Showing posts with label tortillas. Show all posts
Showing posts with label tortillas. Show all posts

Monday, March 7, 2011

Veggie Tacos




I'm a sucker for Mexican food. Like, big time. And while I really wouldn't call this "Mexican," it is INSPIRED by my favorite foods.

The night before I'd made this recipe, I had made some guacamole and shredded some cabbage for shrimp tacos. I think I've come to rely on different varieties of tacos as a quick, easy and tasty meal that you can really make any night of the week.

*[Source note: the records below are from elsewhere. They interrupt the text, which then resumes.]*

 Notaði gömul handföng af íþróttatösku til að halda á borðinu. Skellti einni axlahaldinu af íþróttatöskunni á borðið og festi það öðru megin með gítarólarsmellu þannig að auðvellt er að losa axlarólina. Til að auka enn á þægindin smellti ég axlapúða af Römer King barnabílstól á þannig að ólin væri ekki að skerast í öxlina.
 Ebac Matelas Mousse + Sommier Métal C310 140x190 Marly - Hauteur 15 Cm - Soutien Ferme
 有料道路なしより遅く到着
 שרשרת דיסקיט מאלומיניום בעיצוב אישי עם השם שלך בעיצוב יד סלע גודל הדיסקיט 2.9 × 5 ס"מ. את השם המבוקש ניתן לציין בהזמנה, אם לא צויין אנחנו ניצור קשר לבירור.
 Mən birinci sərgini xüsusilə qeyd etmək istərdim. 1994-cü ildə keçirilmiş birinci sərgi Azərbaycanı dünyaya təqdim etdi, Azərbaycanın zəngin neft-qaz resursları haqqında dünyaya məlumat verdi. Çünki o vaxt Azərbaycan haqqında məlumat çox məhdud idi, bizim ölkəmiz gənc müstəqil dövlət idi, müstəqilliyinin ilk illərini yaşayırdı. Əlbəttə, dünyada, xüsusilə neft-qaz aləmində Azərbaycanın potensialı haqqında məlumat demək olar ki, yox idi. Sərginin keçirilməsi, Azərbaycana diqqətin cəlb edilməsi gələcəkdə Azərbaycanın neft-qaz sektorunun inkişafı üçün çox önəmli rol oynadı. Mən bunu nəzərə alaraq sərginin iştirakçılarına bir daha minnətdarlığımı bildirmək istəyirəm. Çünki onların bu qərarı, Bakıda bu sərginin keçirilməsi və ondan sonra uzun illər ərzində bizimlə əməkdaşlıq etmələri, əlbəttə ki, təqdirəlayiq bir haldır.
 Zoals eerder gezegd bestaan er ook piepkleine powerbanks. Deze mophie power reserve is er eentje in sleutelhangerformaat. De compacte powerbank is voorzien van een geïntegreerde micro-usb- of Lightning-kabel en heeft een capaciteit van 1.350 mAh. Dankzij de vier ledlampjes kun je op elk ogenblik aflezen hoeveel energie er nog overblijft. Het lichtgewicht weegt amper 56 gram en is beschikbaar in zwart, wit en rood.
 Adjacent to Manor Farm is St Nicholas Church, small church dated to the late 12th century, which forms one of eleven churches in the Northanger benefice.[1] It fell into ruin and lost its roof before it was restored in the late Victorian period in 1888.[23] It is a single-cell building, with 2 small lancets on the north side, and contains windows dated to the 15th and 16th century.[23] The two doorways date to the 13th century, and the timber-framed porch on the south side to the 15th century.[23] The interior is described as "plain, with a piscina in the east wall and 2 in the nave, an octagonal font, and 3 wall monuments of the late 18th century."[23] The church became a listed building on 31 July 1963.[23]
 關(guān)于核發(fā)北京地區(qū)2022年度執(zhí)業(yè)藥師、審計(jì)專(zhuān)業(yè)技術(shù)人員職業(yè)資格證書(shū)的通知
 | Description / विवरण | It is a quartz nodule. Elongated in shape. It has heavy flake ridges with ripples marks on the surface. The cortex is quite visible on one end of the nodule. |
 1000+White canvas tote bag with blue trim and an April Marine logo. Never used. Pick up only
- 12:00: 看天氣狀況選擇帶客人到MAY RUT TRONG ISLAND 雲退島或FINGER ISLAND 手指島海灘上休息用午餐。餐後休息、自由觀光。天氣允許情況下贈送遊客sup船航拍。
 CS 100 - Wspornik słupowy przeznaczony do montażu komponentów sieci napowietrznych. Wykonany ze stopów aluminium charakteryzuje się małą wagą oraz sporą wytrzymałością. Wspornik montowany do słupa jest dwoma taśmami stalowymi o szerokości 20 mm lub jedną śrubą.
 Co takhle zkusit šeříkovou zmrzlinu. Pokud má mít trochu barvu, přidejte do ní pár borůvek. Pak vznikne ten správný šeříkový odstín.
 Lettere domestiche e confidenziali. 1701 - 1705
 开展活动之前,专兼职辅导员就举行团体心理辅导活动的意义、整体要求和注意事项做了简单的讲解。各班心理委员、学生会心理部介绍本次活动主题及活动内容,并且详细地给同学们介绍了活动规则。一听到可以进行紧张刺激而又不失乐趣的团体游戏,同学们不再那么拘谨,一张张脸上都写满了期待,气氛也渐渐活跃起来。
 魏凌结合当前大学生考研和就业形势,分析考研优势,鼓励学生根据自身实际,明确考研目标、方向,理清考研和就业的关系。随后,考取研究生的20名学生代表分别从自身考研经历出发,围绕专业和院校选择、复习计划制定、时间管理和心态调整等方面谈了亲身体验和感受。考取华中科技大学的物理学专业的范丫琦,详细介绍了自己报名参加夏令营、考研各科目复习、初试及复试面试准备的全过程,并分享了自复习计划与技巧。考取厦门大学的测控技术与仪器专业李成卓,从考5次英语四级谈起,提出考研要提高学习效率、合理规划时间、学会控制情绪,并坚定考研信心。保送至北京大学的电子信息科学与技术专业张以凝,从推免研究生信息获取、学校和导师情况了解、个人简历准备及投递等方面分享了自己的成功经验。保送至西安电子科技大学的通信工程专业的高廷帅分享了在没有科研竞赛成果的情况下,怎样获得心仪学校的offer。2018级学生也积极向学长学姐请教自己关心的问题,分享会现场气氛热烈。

I used the guacamole I'd made, shredded cabbage, a few slices of lime I had left, and some salsa I'd bought. The only real "cooking" required were some onions I caramelized to put on top. SO GOOD. It killed two birds with one stone -- I got a yummy lunch, and I used up a lot of the stuff that was taking up space in my fridge. Enjoy!

Veggie Tacos
Makes 4 tacos

4 small flour tortillas
1/4 cup guacamole
shredded cabbage
shredded carrot
chopped tomatoes
fresh corn
black beans
1/2 cup sliced red onions
1 teaspoon sugar
1/2 tablespoon butter
1/4 cup sour cream
4 lime wedges

Heat the tortillas on a gas stove top or grill. Spread guacamole evenly on center of tortillas. Distribute the cabbage, corn, carrot, black beans, tomato and sour cream to your tastes.

In a skillet, melt the butter over medium heat. When melted and the pan is good and hot, toss in the onions and move them around. Let them cook, stirring every couple minutes, until they are translucent and beginning to brown. Sprinkle the sugar over the onions (to help along the caramelization) and let them cook, stirring every minute or so, for another five minutes.

Top the tacos with the onions, and then with your favorite salsa. Garnish with a lime wedge. Enjoy!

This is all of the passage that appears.